Print exactly the lines below between the line containing "En la planta" and the line containing "De las empresas", counting both of those lines. Leave pictures out.
◆ ◆ ◆ ◆ ◆ ◆ ◆
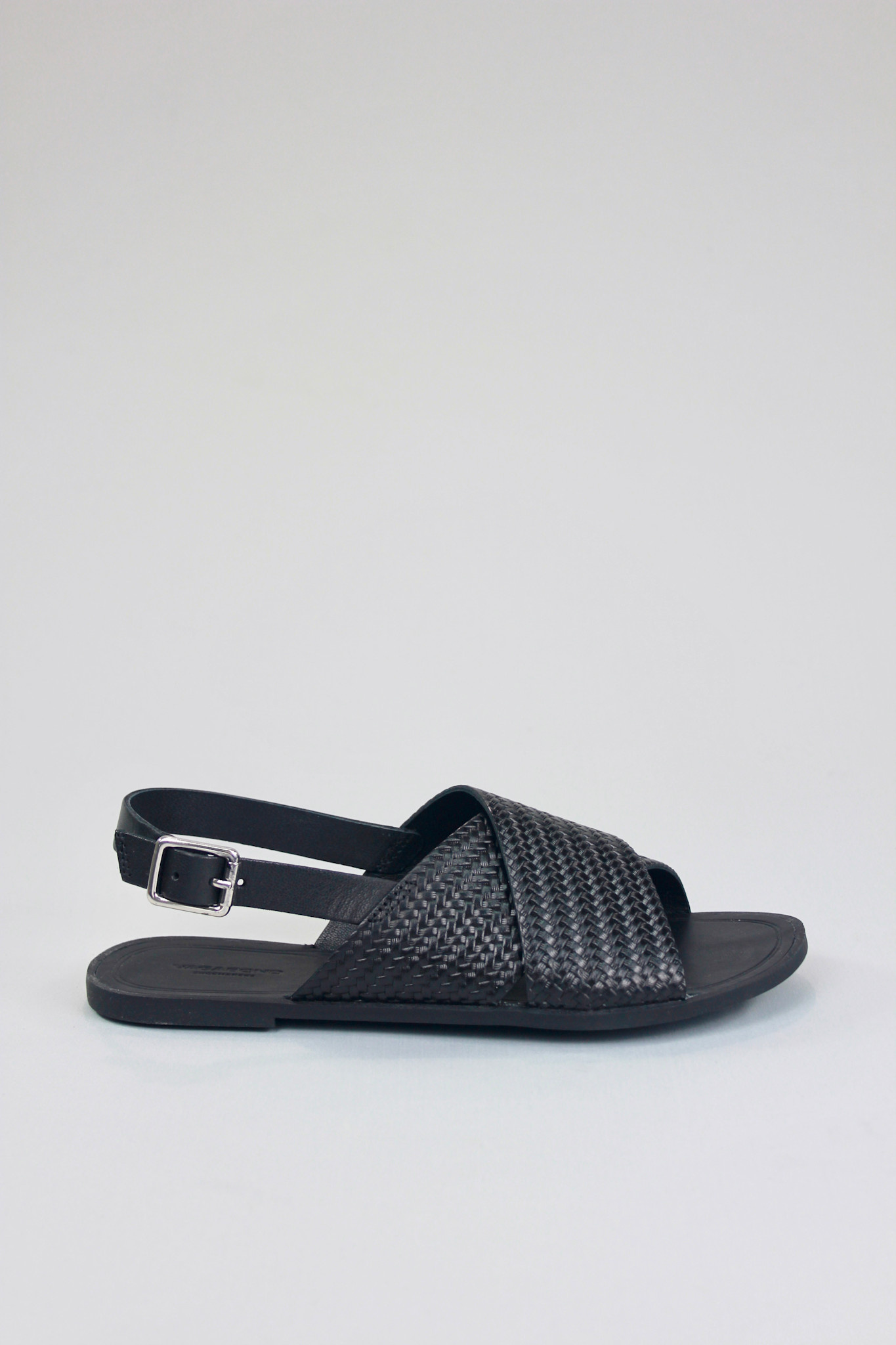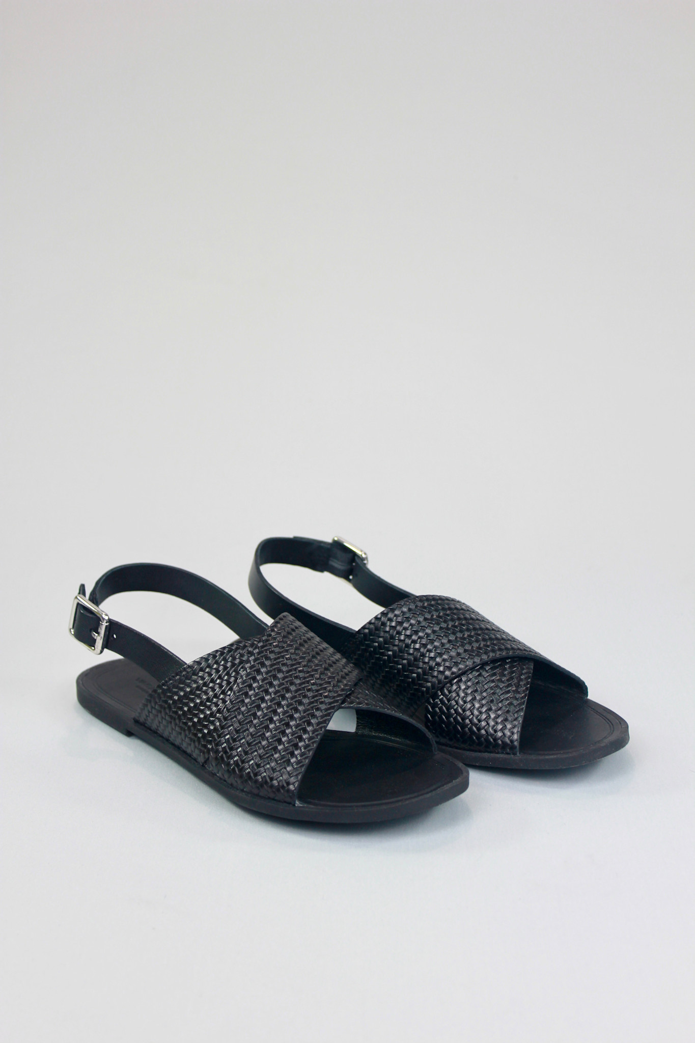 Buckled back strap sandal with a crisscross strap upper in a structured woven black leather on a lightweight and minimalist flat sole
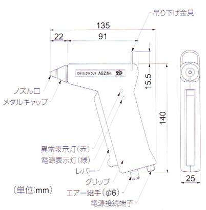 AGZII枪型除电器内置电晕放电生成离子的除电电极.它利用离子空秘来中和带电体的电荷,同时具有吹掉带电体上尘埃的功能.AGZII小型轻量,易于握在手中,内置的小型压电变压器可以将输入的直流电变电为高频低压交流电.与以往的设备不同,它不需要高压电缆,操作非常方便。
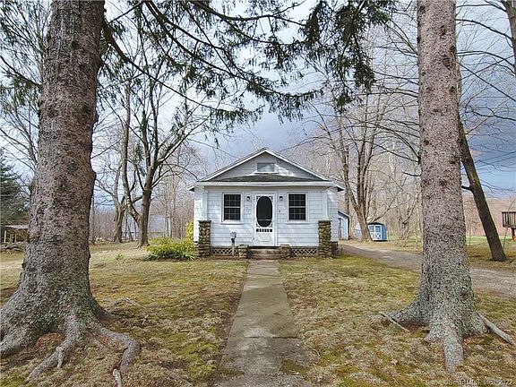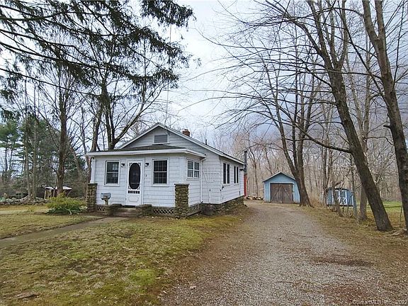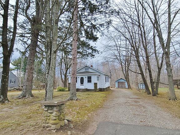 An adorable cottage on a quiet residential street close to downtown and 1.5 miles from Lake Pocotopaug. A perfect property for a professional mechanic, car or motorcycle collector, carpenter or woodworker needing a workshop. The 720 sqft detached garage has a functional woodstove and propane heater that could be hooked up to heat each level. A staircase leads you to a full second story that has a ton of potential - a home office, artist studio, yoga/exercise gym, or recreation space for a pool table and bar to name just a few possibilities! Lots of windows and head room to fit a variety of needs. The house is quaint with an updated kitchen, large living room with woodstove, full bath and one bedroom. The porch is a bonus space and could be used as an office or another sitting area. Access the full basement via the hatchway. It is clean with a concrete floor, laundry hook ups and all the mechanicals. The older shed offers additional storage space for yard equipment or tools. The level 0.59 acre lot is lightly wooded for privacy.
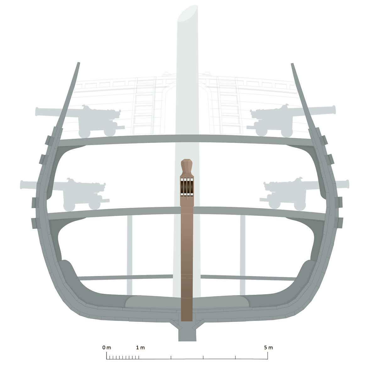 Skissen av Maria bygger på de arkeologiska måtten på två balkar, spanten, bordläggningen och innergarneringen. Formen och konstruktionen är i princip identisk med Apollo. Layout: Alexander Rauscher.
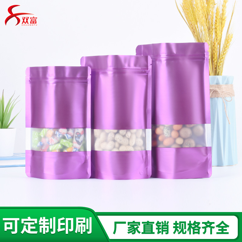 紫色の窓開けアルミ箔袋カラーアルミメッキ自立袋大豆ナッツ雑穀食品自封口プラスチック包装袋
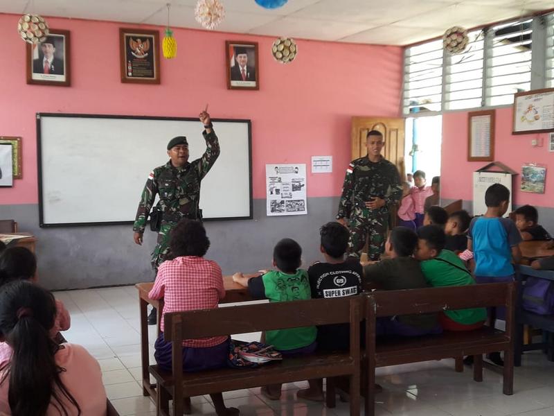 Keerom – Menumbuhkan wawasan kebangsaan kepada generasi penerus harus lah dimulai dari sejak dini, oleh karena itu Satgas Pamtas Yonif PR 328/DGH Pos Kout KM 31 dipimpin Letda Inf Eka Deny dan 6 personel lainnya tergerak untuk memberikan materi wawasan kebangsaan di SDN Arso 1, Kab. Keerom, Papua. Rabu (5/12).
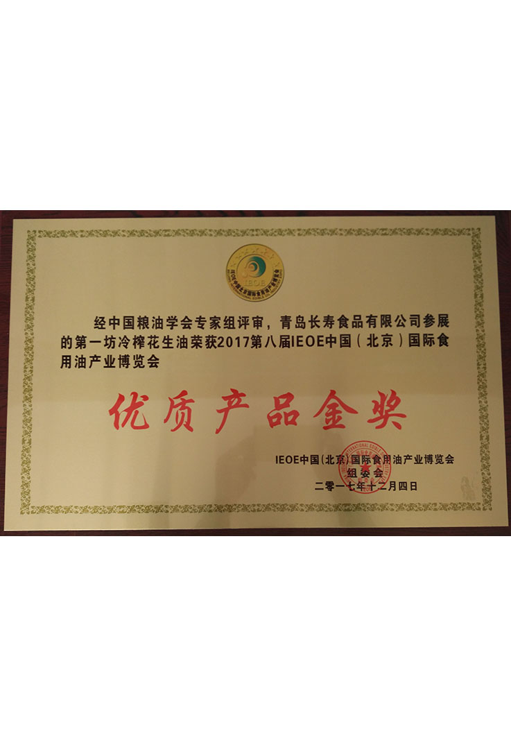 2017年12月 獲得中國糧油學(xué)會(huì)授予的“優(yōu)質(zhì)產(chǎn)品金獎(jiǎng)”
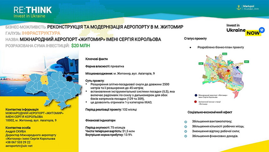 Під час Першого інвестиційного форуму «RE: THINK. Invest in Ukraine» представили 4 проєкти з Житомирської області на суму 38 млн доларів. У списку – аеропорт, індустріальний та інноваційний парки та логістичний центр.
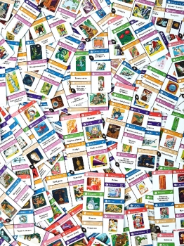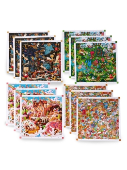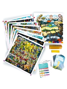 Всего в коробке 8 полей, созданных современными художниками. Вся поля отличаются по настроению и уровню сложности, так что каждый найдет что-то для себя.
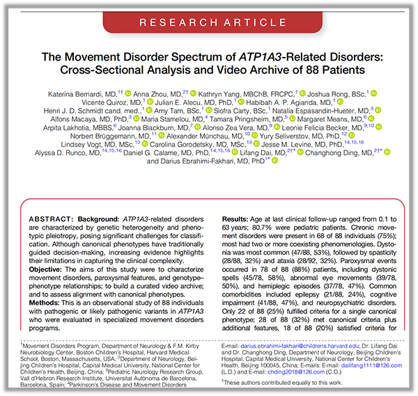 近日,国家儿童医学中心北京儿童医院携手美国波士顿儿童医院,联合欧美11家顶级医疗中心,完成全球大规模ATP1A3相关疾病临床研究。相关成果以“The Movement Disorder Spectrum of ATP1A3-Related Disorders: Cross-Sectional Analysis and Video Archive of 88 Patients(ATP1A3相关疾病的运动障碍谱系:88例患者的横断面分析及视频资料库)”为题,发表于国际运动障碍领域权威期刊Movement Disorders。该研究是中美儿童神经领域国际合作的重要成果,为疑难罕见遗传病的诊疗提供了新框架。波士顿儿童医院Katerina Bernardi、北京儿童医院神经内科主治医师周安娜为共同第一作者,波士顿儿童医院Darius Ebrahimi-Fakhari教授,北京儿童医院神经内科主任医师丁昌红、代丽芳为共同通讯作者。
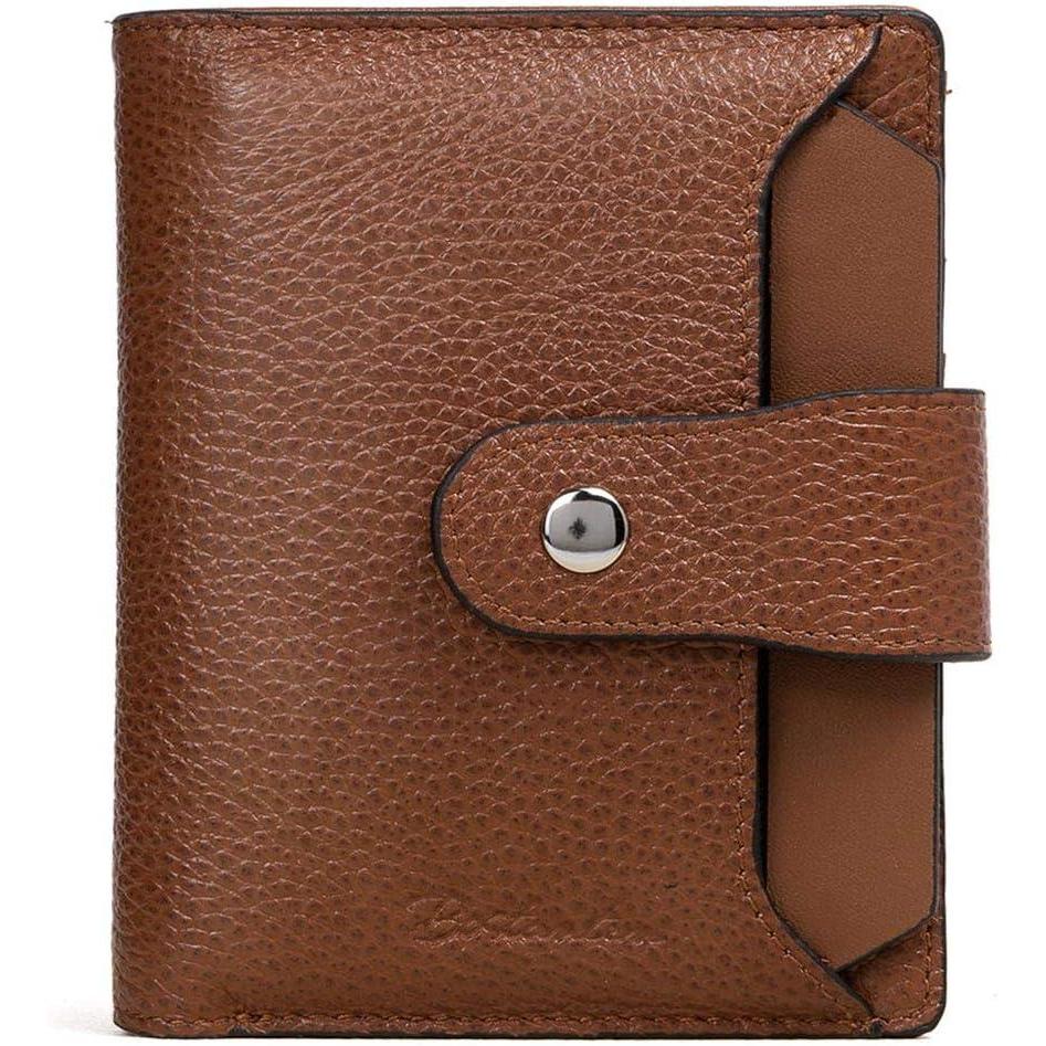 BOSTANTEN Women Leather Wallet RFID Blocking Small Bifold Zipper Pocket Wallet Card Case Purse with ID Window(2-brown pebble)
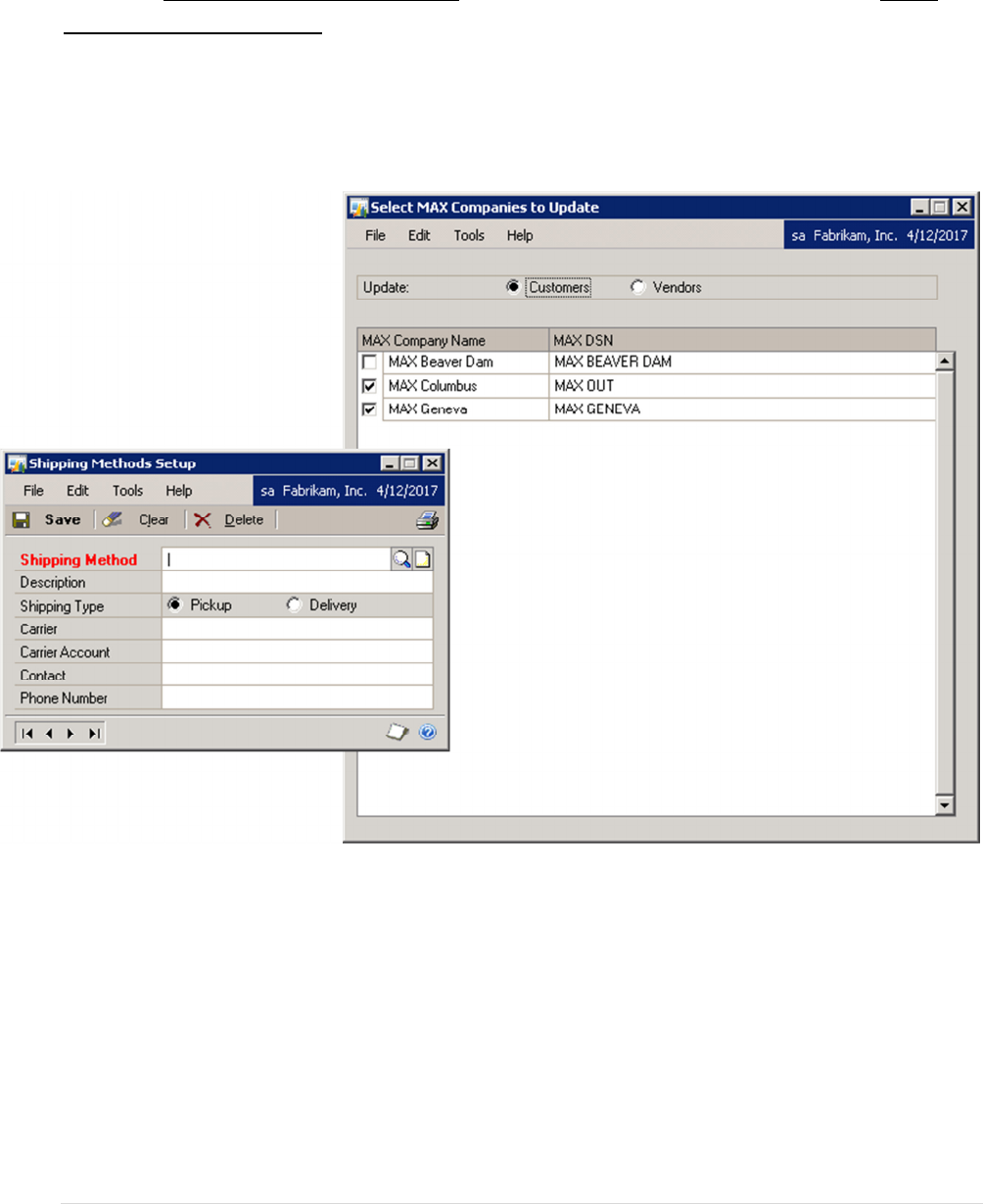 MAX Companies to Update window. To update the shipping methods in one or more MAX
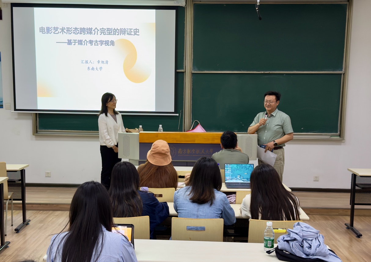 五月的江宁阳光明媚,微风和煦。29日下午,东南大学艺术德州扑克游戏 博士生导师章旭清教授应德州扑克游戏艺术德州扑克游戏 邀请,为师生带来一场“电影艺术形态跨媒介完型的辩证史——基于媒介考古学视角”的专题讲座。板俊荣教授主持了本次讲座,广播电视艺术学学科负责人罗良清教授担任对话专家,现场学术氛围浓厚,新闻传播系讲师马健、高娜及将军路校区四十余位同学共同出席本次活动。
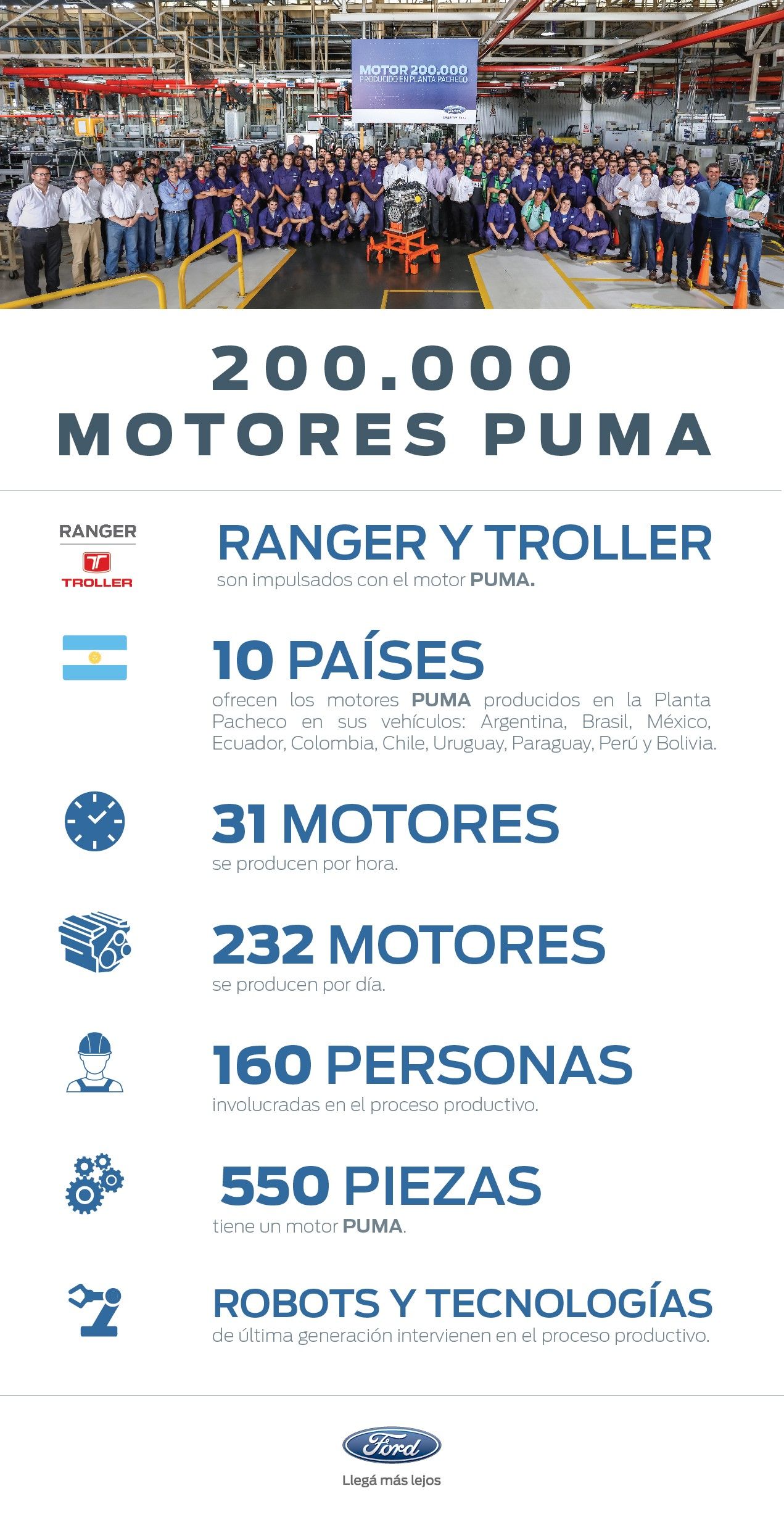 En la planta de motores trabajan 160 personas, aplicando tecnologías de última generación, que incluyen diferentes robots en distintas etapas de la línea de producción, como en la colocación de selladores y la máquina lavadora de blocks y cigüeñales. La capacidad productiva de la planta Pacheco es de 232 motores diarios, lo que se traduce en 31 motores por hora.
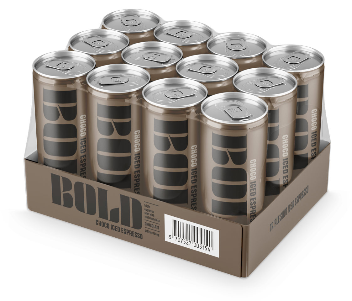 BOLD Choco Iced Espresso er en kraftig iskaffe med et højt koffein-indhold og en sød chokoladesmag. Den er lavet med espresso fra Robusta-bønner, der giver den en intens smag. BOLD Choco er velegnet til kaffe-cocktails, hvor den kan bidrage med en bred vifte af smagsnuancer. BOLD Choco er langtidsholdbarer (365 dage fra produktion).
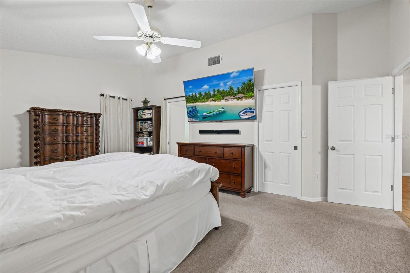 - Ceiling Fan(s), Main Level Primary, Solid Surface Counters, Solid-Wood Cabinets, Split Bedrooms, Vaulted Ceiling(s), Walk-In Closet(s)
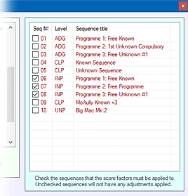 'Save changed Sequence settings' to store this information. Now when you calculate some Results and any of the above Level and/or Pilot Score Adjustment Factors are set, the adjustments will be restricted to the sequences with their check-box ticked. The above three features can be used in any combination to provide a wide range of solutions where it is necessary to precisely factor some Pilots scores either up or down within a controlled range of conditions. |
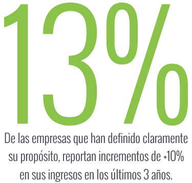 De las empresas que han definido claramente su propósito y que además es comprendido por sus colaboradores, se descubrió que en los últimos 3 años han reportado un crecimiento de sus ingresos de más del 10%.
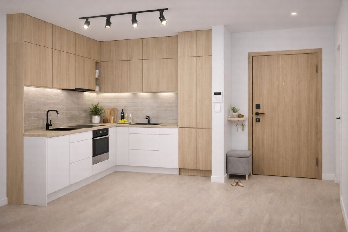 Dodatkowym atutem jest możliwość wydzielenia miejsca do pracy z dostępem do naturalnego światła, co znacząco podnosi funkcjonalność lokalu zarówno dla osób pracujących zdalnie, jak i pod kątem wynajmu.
◆ ◆ ◆ ◆ ◆ ◆ ◆
## TASK RESPONSE
 En la planta de motores trabajan 160 personas, aplicando tecnologías de última generación, que incluyen diferentes robots en distintas etapas de la línea de producción, como en la colocación de selladores y la máquina lavadora de blocks y cigüeñales. La capacidad productiva de la planta Pacheco es de 232 motores diarios, lo que se traduce en 31 motores por hora.
 BOLD Choco Iced Espresso er en kraftig iskaffe med et højt koffein-indhold og en sød chokoladesmag. Den er lavet med espresso fra Robusta-bønner, der giver den en intens smag. BOLD Choco er velegnet til kaffe-cocktails, hvor den kan bidrage med en bred vifte af smagsnuancer. BOLD Choco er langtidsholdbarer (365 dage fra produktion).
 - Ceiling Fan(s), Main Level Primary, Solid Surface Counters, Solid-Wood Cabinets, Split Bedrooms, Vaulted Ceiling(s), Walk-In Closet(s)
 'Save changed Sequence settings' to store this information. Now when you calculate some Results and any of the above Level and/or Pilot Score Adjustment Factors are set, the adjustments will be restricted to the sequences with their check-box ticked. The above three features can be used in any combination to provide a wide range of solutions where it is necessary to precisely factor some Pilots scores either up or down within a controlled range of conditions. |
 De las empresas que han definido claramente su propósito y que además es comprendido por sus colaboradores, se descubrió que en los últimos 3 años han reportado un crecimiento de sus ingresos de más del 10%.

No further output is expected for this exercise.